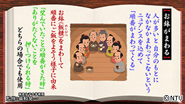 人が多いと、自分のもとになかなかまわってこない。そんなニュアンスを込めて「順番がまわってくる」ことを「お鉢がまわる」と言います。 |
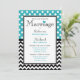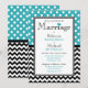 Convites de na moda com bolinhas brancas sobre turquesa no topo e um padrão zigzag chevron preto e branco no fundo. Personalize com os detalhes da cerimônia e da recepção e escolha o seu tipo de papel também!
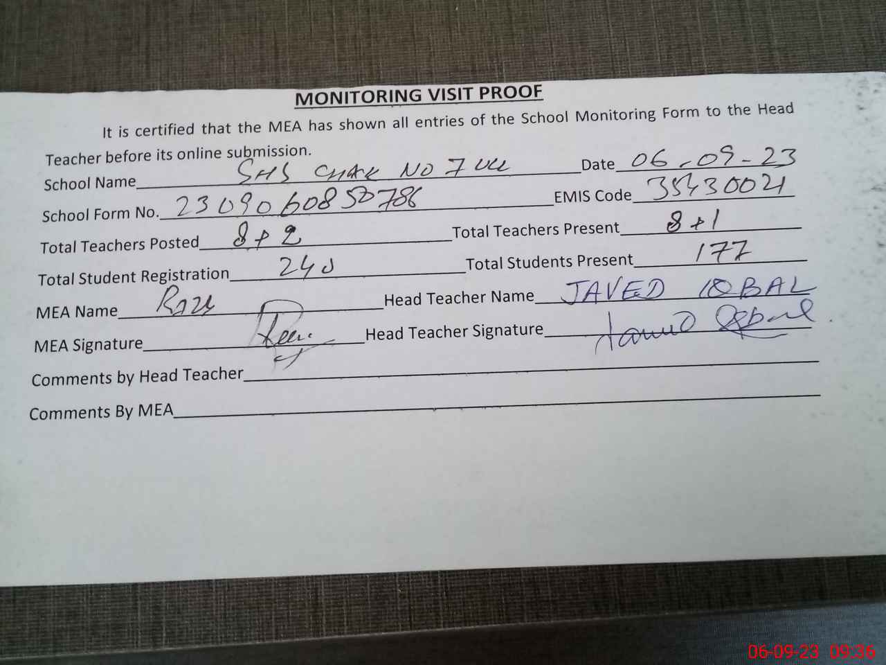 | Attendance Register | Head Teacher | MEA with School | Visit Proof |
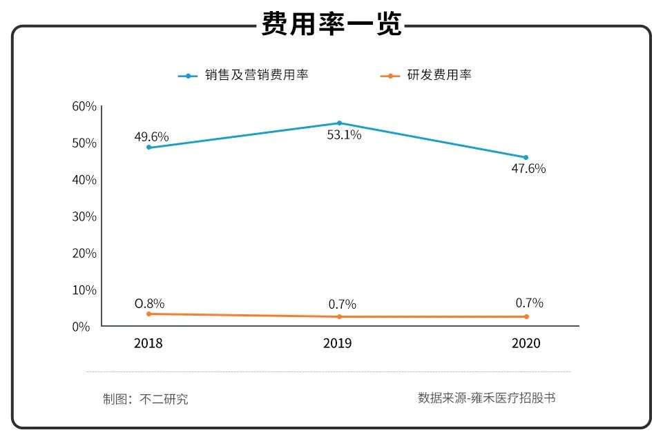 据招股书显示,2018-2020年雍禾医疗销售及营销费用率分别为49.6%,53.1%,47.6%。而同期的研发费用率仅为0.8%,0.7%,0.7%。
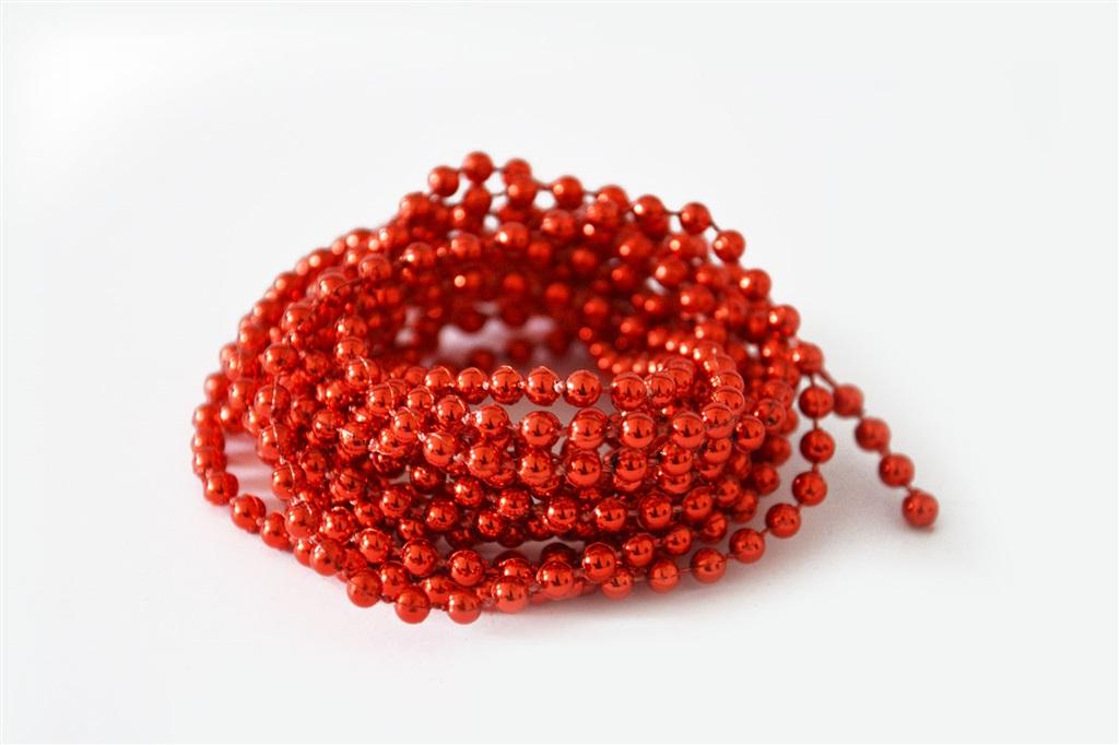 Łańcuch perełki - dekoracja choinkowa, długość ok. 270 cm. Średnica pojedynczej perełki ok. 6 mm. Kolor czerwony.
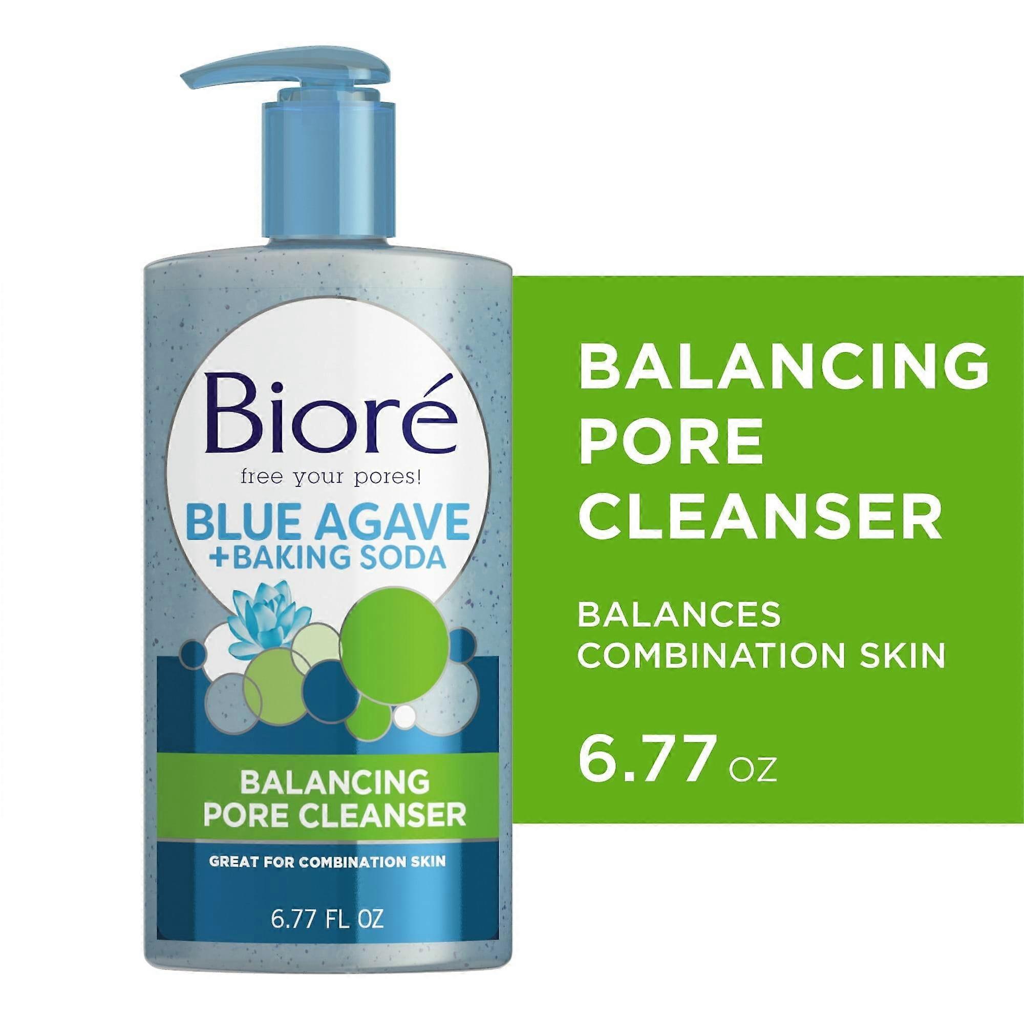 Let's face it, Impurities aren't pretty Combination skin is two-faced: dry in some areas and oily in others. (Looking at you, T-zone ) All you want is an all-over, deep-pore clean -- but not at the expense of your already dry patches. With Bioré Blue Agave & Baking Soda Pore Cleanser, you can deep clean, naturally exfoliate, and balance combination skin. This facial cleanser with baking soda for acne deep cleans to remove dirt and impurities from the pore while gently exfoliating away dead cells to reveal smooth, healthy-looking skin. The power of baking soda is the answer to those dirty little secrets Biore Skincare targets the root of all skin problems-the evil clogged pore. So when it comes to dirt and oil, we take a no nonsense approach to fight smarter, not harder. Our scrub, liquid, powder, strip, mask and bar cleansing products go straight to the source of those pesky pores for deeply clean, beautiful skin. Suggested Use: For optimal results use cleanser daily. Wet face. Pump cleanser into hands, gently work into a foam. Massage over entire face. Rinse thoroughly. UPC: 019100222571 Weight: 0.82 lbs
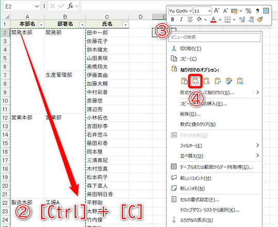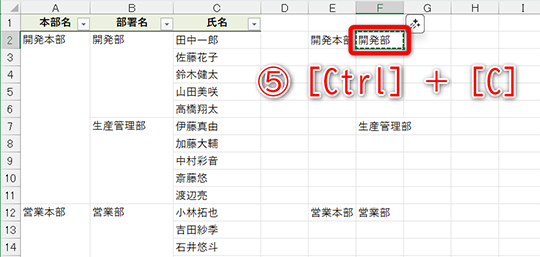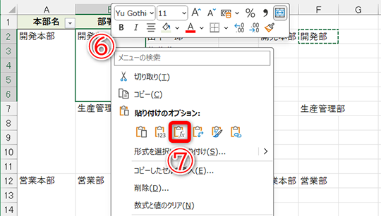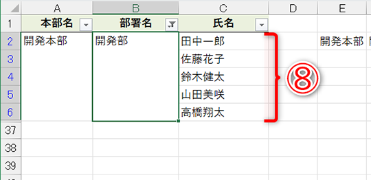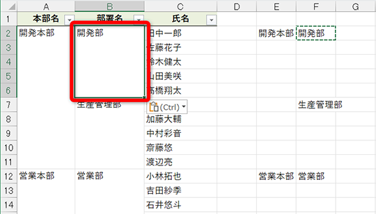 試しに結合セルを分割してみると、すべてのセルに「開発部」と入力されていることがわかります。なお、元に戻すときは[Ctrl]+[Z]キーを押してください。先頭以外の値が破棄されるメッセージが表示されますが、問題なく[数式]貼り付けした状態に戻せます。
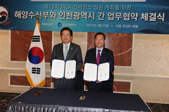 해양수산부(장관 김영석)는 27일(목) 인천광역시(시장 유정복)와 ‘제19차 국제항로표지협회(IALA*) 콘퍼런스’의 성공적인 개최를 위한 업무협약을 체결하였다고 밝혔다.
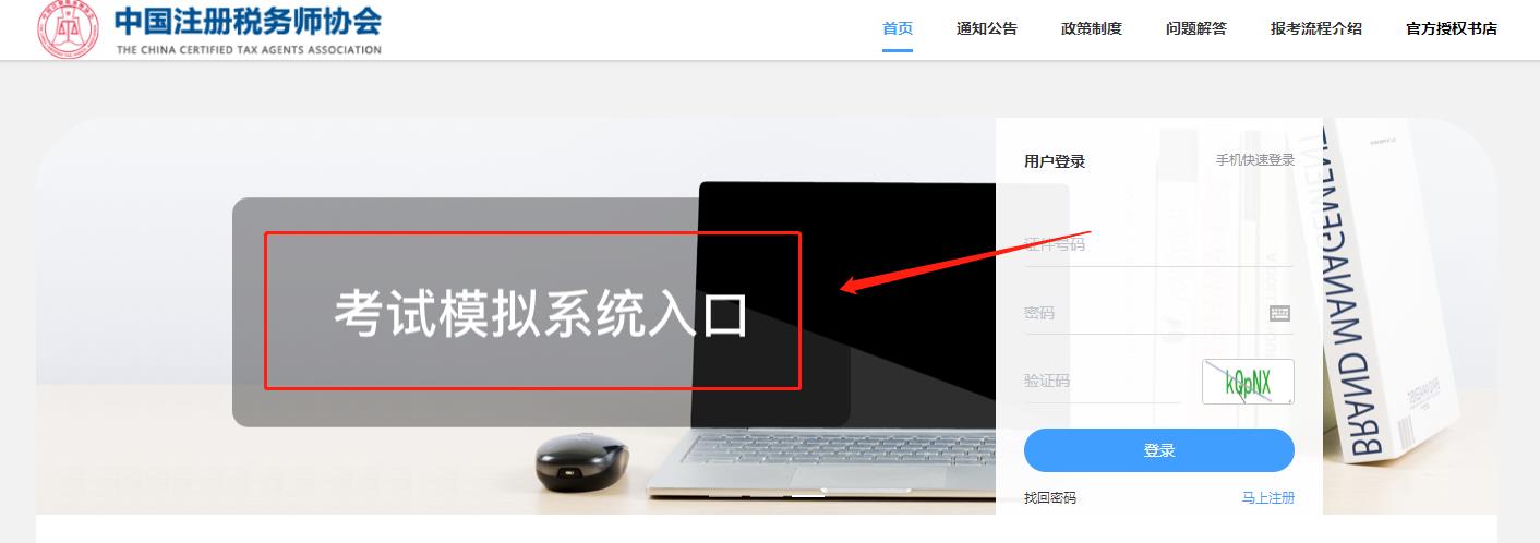 點擊第三張輪播圖“考試模擬系統(tǒng)入口”,進入稅務(wù)師考試機考模擬系統(tǒng)。
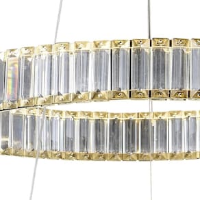 Especificaçõesvoltagem: BivoltDimensões AxLxP mm : Círculo 1:600mm; Círculo 400mm; Altura: 900mmCor: DouradoMaterial: Metal e CristalGarantia: 1 ano junto ao fabricanteReferência:LTP-019Fluxo Luminoso: 4400 lúmensComprimento dos Cabos: Cabo ajustável, aproximadamente 100cmPotência: 55WLocal de Uso: InternoModelo/Tecnologia: LED EmbutidoTemperatura da Cor: Ajustável: 3000K luz amarela , 4500K luz neutra , 6500K luz branca Itens inclusos:1 Lustre Pendente
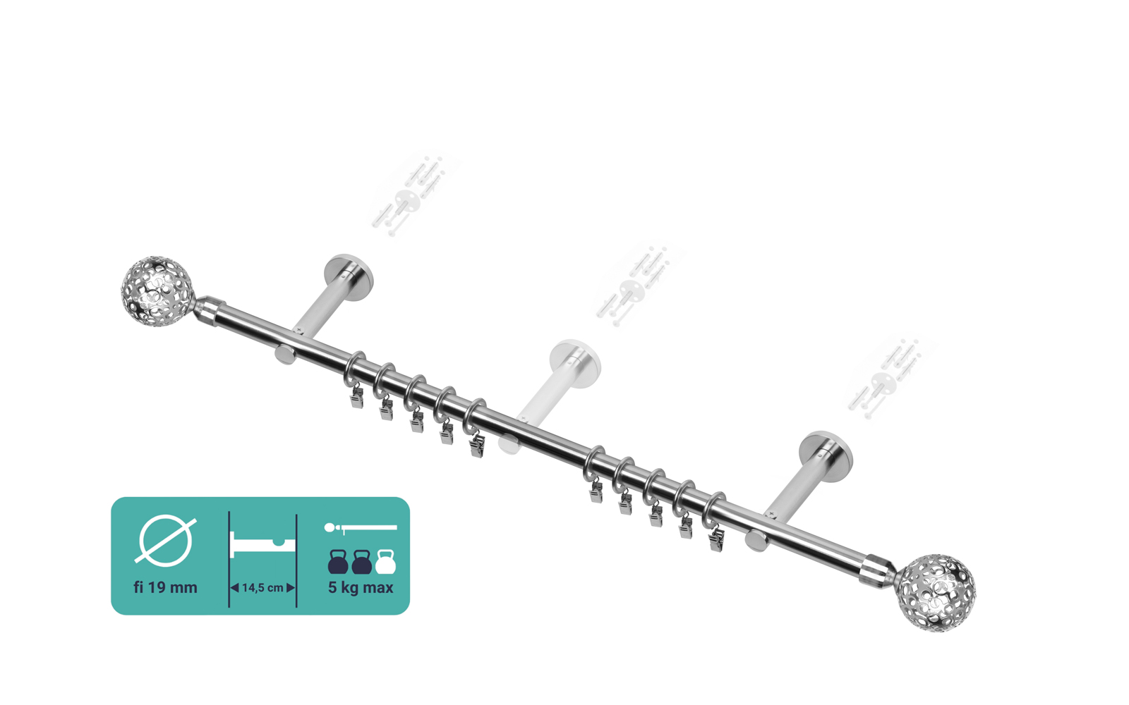 ✅ 2 szt. Wsporników pojedynczych fi 19 mm (w  przypadku karnisza powyżej 240 cm dokładany jest trzeci wspornik)
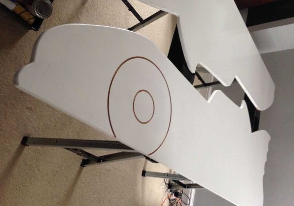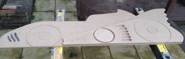 Сверяясь с имеющимся листком, переносите все линии с бумаги на фанеру. Сначала линии тонкие, после того как все более-менее прорисуете, можно очертить результирующие контуры жирной линией — вырезать будет проще. Хоть детали нужны в двойном экземпляре прорисовывать вторую нет смысла: вырезав первую, ее обведем и получим вторую.
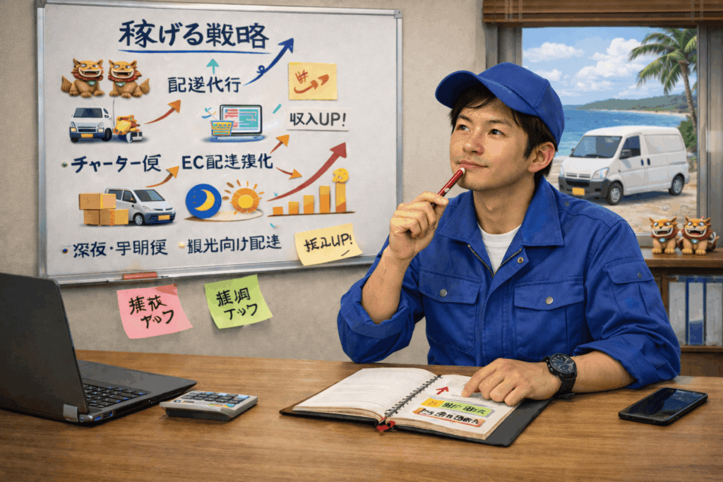 沖縄で委託ドライバーの収入を伸ばしていくうえで、かなり現実的な選択肢になるのが「掛け持ち」です。1つの案件だけだと、物量が少ない日や閑散期に売上がガクッと落ちることがありますが、複数の仕事を組み合わせることで、その波をある程度ならしていくことができます。

● **Assigned task**:
Once the line containing "Łańcuch perełki - dekoracja" has been copied, stop; everything from the first line of the data up to it must be copied exactly, without pictures.

● **Answer below**:
 人が多いと、自分のもとになかなかまわってこない。そんなニュアンスを込めて「順番がまわってくる」ことを「お鉢がまわる」と言います。 |
 Convites de na moda com bolinhas brancas sobre turquesa no topo e um padrão zigzag chevron preto e branco no fundo. Personalize com os detalhes da cerimônia e da recepção e escolha o seu tipo de papel também!
 | Attendance Register | Head Teacher | MEA with School | Visit Proof |
 据招股书显示,2018-2020年雍禾医疗销售及营销费用率分别为49.6%,53.1%,47.6%。而同期的研发费用率仅为0.8%,0.7%,0.7%。
 Łańcuch perełki - dekoracja choinkowa, długość ok. 270 cm. Średnica pojedynczej perełki ok. 6 mm. Kolor czerwony.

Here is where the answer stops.